Initially the contracts formed were on a short term basis, but by 1984, they were increased to a minimum of 15 years so as to ensure long term implementation. Contracts could be transferred to another household as long as the transfer was registered with the production team. At all phases the government stressed that ownership lay with them and not with the household and they hold power over a number of aspects such as planning, building and land allocation (Marsh Marshall, 1985)
Despite the impact of the production responsibility system raising levels of motivation, income and living standards as planned, it nonetheless created problems. Firstly, occasionally the peasant found himself in a position whereby he was unable to meet his quotas laid out within the contract. Secondly, in some areas the problem of surplus labour intensified as a result of the realisation that if fewer people farm an area intensively, then the benefits each person receives will be greater. Finally, the new system has bought with it a lack of social control. Reports since the onset of the reforms have told of misuse of collective land and machinery, illegal building of houses and selling of surplus goods and tensions due to the new income disparities.
Despite these clearly dramatic and radical changes made during the reforms, whereby the household increased grain production; the newly formed production responsibility systems alone did not satisfy the aims of the state.

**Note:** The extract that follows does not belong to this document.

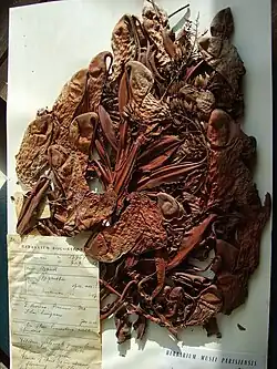 Nepenthes campanulata was described by Shigeo Kurata in 1973 based on a single specimen, Kostermans 13764, deposited at the herbarium of the Singapore Botanic Gardens.[2] An isotype labelled "spec. nov.!" is held at the Museum National d'Histoire Naturelle in Paris. Two more isotypes are deposited at the New York Botanical Garden.[8][9] According to Kurata, the collector stated that the species was endemic to this single location "presumably owing to its habitat which is noted as sand and limestone walls at an altitude of 300 m".[2][3]

China did not purely want to see an increase in grain production, for output would soon exceed demand; the aim was not to make households self-sufficient. Instead, as has been previously mentioned, the aim was for modernisation and an increase in income and living standards. For these to be met, the rural economy must be developed further leading to specialisation and diversification (Cannon and Jenkins, 1990). This process of specialisation was in direct contradiction to Mao's ideals because his belief was for commune self sufficiency, but by the late 1970's following his death, this form was seen as uneconomic and inefficient, primarily due to areas producing unsuitable goods for that environment. Thus specialisation was created to boost the economy and increase efficiency. This new process encouraged peasants to develop their special skills. Gradually the government began to implement it and by 1983 a little over 13% of households farmed under this system (Cannon and Jenkins, 1990).

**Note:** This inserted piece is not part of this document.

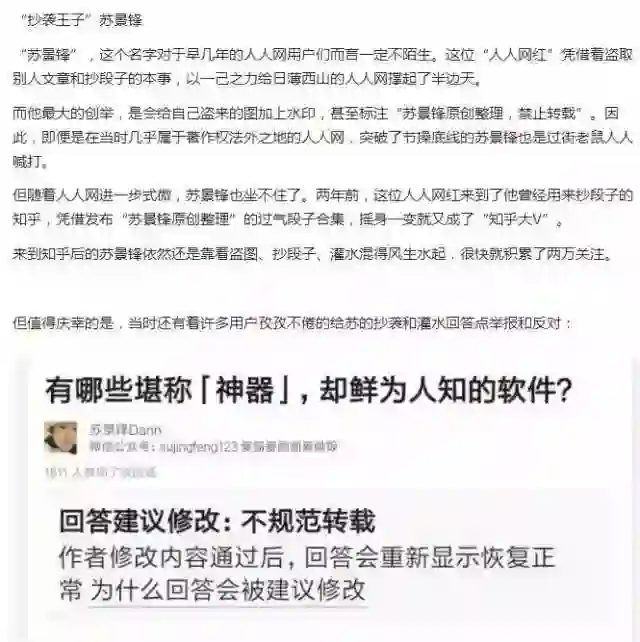 A站知乎号的运营者是曾经的抄袭王子,名叫苏景锋,一个曾经的人人网网红。这位网红靠着“搬运”段子发家致富,还在继续着将盗来的东西写为原创。

Specialisation was developed at a number of levels. At the top level there were county amalgamations where up to fifteen counties joined forces, this usually being the case where a huge area would be suitable for one type of production. Below this level complete regions became specialised, for example, hilly and mountainous areas are particulary suited to forestry. Then below this level, households within regions were encouraged to become specialised, occasionally organisations developed where a number of households joined forces and these newly formed enterprises were run on more democratic lines (J and M Gray, 1983). The impact of this process has led to a more prosperous and efficient rural economy, hence showing benefits at both the local and national level. As specialisation began to mature and increase in popularity, the peasants were encouraged to progress into non-agricultural products. This enabled the peasant to loan his land to others, thus absorbing surplus labour and helping relieve this problems. Specialisation appears to be relatively problem free; although in some areas tensions have developed where some peasants have benefitted more through modernisation than others.

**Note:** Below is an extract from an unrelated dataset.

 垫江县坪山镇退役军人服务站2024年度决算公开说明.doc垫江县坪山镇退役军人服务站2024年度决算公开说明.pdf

Secondly, in addition to specialisation, the Chinese government has encouraged the rural economy to become diversified. The aim of diversification, which goes alongside those of the general reforms, are to increase the peasants autonomy, income and standard of living. The peasants were encouraged to develop other forms of production more suited to their environment, whether agricultural or non-agricultural. In particular they were encouraged not to purely produce grain, but diversify into domestic food production through the cultivation of private plots and the raising of livestock, for example, pigs, sheep and chickens (F.Leeming, 1985). Despite Mao's guidelines allowing this, it had been rendered unpopular as it conflicted with communist ideals; but to overcome this obstacle and eliminate possible tensions, the CPC Central Committee in 1979, pointed out that diversification was a supplement to the socialist economy and should not be regarded as capitalism. As a result of the government realising the advantages of this process, they devised incentives to encourage peasants to diversify. Firstly, they expanded the area allocated to private plots, initially commune members cultivated 5-7% of total agricultural land, this was subsequently raised to 15% (Genghang, 1984); secondly, restrictions placed on growing certain crops were raised and finally the government increased the number of new rural markets to ensure all surplus could be sold.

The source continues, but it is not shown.